24 b
Böylece yiyeceğe kavuşan yamyamlar; son
raddeye gelmiş açlığıyla, ölmeyi bile göze alıp, canını dişine takmış yamyam indirgenmiş
güdülerle sakinleşip normal akli selim tutumları içine dönmekle üretici grup
alanını terk ediyorlardı.
Bu tür girişmeler içindeki üretici
grupla yamyam gruplar arası ilk temaslarda tek taraflı bir sunu vardı. Ve sunu
yapan grup böylece mücadele vermeden yamyamlara karşı canını kurtarıyordular.

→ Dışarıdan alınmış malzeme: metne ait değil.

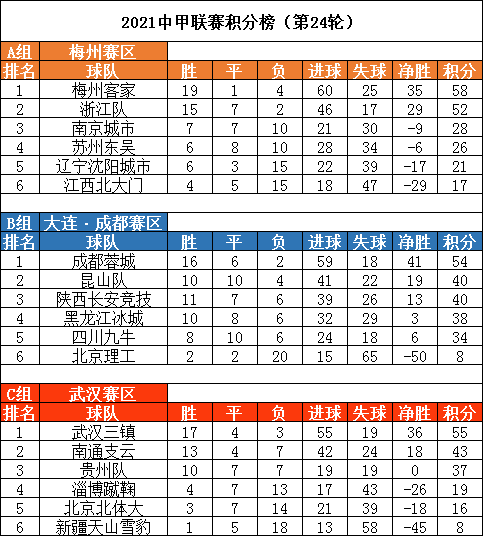 第一阶段:将3个承办地会员协会下属的俱乐部设为东道主队(成都蓉城、梅州客家、武汉三镇),3支种子队通过落位抽签确定落位A、B、C三组,其余15支球队按照2020年联赛排名进行蛇形摆放,直接定位在A、B、C三组,每个组在一个赛区,每个赛区6支球队,进行双循环10轮、共90场竞赛。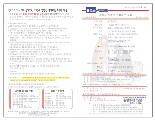 제목: 구원의 은혜에 감사하라! 본문: 로마서 10:9-15. 설교자: 황의정 목사 추수감사절에 감사를 묵상…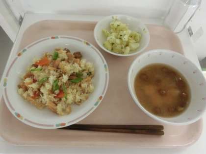 炊き込みごはんだと1年生はどのくらい食べられるのかな…と心配していましたが、クラスを覗いてみるとびっくり! おかわりの列ができていました。お家や保育園でよく食べていた子もいるようです。毎日の給食をパワーに変えて、1週間元気に過ごしてほしいと思います。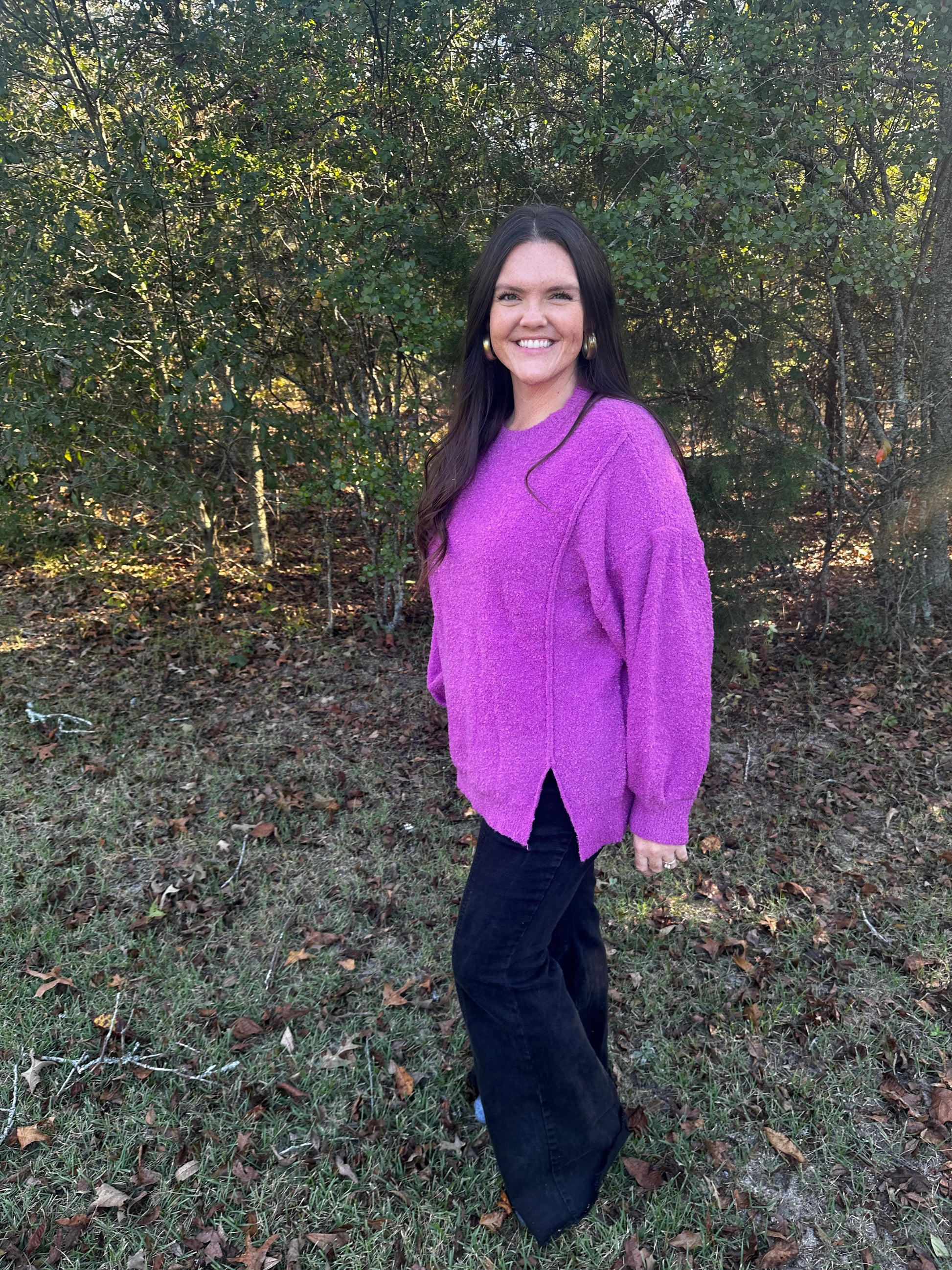 Very berry loose fit sweater with side slit detail and pintuck sleeves. This sweater runs very generous. Could easily be dressed up or worn with leggings. The model is wearing a size large with room

Masallardaki çeşme başında bekleyen
devin her ay ya da her yıl çeşmeli köyde yiyecek bir insan almadan suyu
vermemesini veya çeşmeye muhtaç olanlardan yiyecek alana kadar çeşmenin irin akıtmasını
anlatan masallardaki esbabı mucizeyi şimdi anladık mı?
Üretici grubun yamyamlar için dışarı
yiyecek bırakmasının birçok yansıması vardı. Bunlardan bir ikisi şöyleydi.
Yiyeceğin saldıran yamyam grup için dışarıya bırakılması eylemi bir hediye olgusunu,
bir sunuda bulunmayı, bir kurban sunmayı ortaya çıkarmıştı.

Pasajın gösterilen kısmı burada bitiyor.